Point 5: The subject cohort in phase 4 was small and heterogeneous (Table 2) for safe interpretation of the results (Figure 9 and Table 4).

Response 5: We request clarity about what was meant by the subject cohort being ‘heterogeneous’. We structured the study to be as close to a real classroom environment, with each child in the class being of the same school grade level. The sample size in each session also reflects a class size in the United States and is appropriate for usability testing per IEC62366-1 :2015 Medical devices — Part 1: Application of usability engineering to medical devices. 

 

Point 6: There are not referred any study limitations within the discussion section.

Response 6: Agreed – added a study limitations subsection within the Discussion section of the manuscript. This aligns with comment 4.

 

Point 7: Conclusion must be rephrased in accordance with the results presented in the manuscript.

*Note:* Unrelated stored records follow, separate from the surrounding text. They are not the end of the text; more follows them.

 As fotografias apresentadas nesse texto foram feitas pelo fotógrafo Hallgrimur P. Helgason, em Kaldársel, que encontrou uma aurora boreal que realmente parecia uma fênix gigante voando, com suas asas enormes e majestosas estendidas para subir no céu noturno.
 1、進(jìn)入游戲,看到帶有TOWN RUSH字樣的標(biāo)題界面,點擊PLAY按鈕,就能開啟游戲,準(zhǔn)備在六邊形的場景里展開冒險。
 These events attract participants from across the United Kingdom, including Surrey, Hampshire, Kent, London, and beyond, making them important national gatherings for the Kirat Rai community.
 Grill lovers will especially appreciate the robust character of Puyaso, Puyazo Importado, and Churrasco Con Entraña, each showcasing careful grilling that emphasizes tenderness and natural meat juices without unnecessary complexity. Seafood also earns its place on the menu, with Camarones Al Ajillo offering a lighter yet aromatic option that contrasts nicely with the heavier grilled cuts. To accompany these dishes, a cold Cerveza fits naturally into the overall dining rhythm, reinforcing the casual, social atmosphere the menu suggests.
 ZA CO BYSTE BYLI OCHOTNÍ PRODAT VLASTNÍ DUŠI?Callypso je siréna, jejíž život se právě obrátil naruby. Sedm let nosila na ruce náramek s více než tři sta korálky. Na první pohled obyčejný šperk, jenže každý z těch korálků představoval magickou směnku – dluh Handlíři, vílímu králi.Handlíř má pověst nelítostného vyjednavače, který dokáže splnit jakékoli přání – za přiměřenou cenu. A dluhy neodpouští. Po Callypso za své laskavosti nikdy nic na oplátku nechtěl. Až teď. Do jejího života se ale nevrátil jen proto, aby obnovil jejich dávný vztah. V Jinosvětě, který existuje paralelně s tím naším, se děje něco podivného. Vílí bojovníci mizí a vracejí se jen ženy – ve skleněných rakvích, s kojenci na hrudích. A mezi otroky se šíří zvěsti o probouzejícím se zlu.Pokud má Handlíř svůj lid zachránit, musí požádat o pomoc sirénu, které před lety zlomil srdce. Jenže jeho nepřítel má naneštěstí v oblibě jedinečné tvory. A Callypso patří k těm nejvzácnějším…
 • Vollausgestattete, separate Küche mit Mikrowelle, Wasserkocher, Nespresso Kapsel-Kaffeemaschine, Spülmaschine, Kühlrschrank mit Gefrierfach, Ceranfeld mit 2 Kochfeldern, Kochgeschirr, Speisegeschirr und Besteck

Response 7: We request additional information and clarity about how the conclusion does not currently reflect the qualitative results presented in the manuscript.

Round 2

Reviewer 1 Report

Reviewers' comments are well revised and the manuscript is improved.

Author Response

Point 1: Reviewer’s comments are well revised and the manuscript is improved.

Response 1: Thank you for your time and feedback

Reviewer 2 Report

no issues

Author Response

Point 1: no issues

Response 1: Thank you for your time and feedback

Reviewer 3 Report

Your contribution with the description and evaluation of a novel simple procedure, which may be adopted as a valuable tool for the younger generation, is considered very relevant to the needs of the society in a pandemic status.

Author Response

Point 1: Your contribution with the description and evaluation of a novel simple procedure, which may be adopted as a valuable tool for the younger generation, is considered very relevant to the needs of the society in a pandemic status.

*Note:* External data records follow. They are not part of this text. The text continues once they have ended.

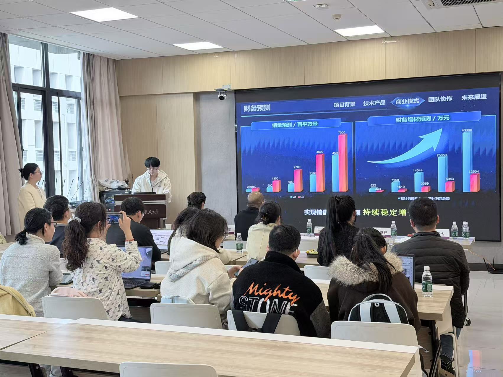 在项目辅导环节,学院参赛团队依次进行路演汇报,围绕项目背景、核心技术、应用场景及创新亮点等内容进行了系统展示。姜鹏飞结合评审标准与行业经验,从项目整体逻辑构建、技术创新表达、应用场景拓展、商业模式完善以及路演展示效果等多个维度进行了逐一点评。他不仅针对项目中存在的共性问题提出了具有可操作性的优化建议,还从评委视角出发,指导团队在PPT呈现、时间把控与答辩表达等方面进一步提升专业化水平,帮助项目实现从“有亮点”“有竞争力”的跃升。
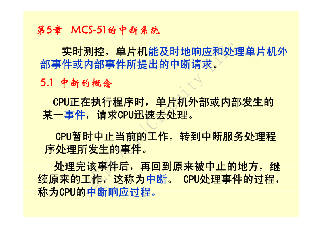 第5章MCS-51的中断系统实时测控,单片机能及时地响应和处理单片机外部事件或内部事件所提出的中断请求。5.1中断的概念CPU正在执行程序时,单片机外部或内部发生的某一事件,请求CPU迅速去处理。CPU暂时中止当前的工作,转到中断服务处理程序处理所发生的事件。处理完该事件后,再回到原来被中止的地方,继续原来的工作,这称为中断。CPU处理事件的过程,称为CPU的中断响应过程线路人生|Circuity。Life图5-1所示。对事件的整个处理过程,称为中断处理(或中断服务)。线路人生|CircuityLife能
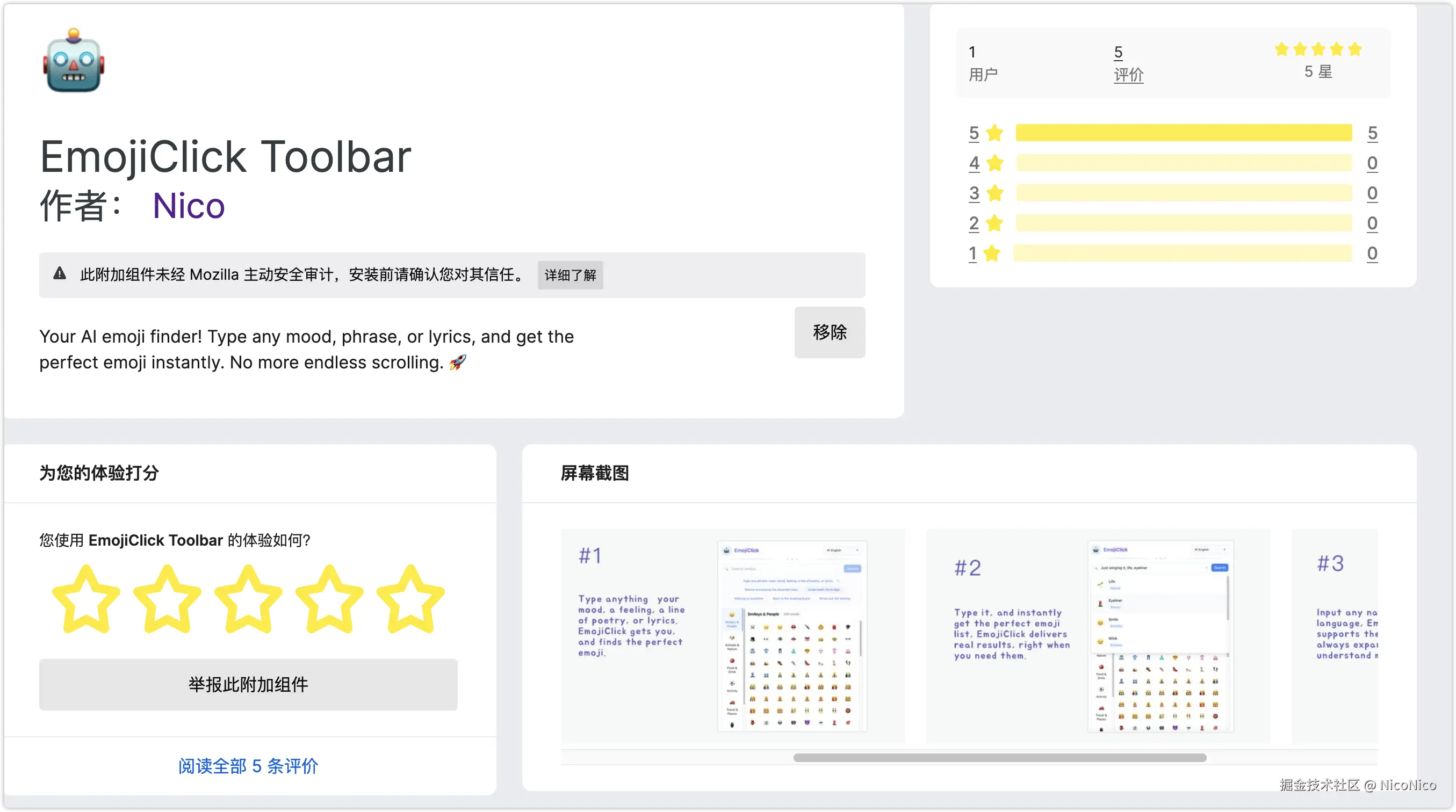 这些信息的填写,建议还是要多花点时间和精力,当然如果你已经提交过 chrome 市场了,完全可以复制之前的内容。但是,我在此处就踩坑了,Firefox 产品详情页在渲染图片的时候,并不如 chrome的那么自然,具体效果可以看这个链接:addons.mozilla.org/zh-CN/firef…

Reviewer 3 rated the research design and method description ‘must be improved’.

Response 1: Reviewer 3 asserts that the research design and method description must be improved. We have added detail to justify and describe the methods used in this study and appropriateness of the research design per international standards for usability and risk management for medical devices, IEC62366-1 and ISO14971, respectively.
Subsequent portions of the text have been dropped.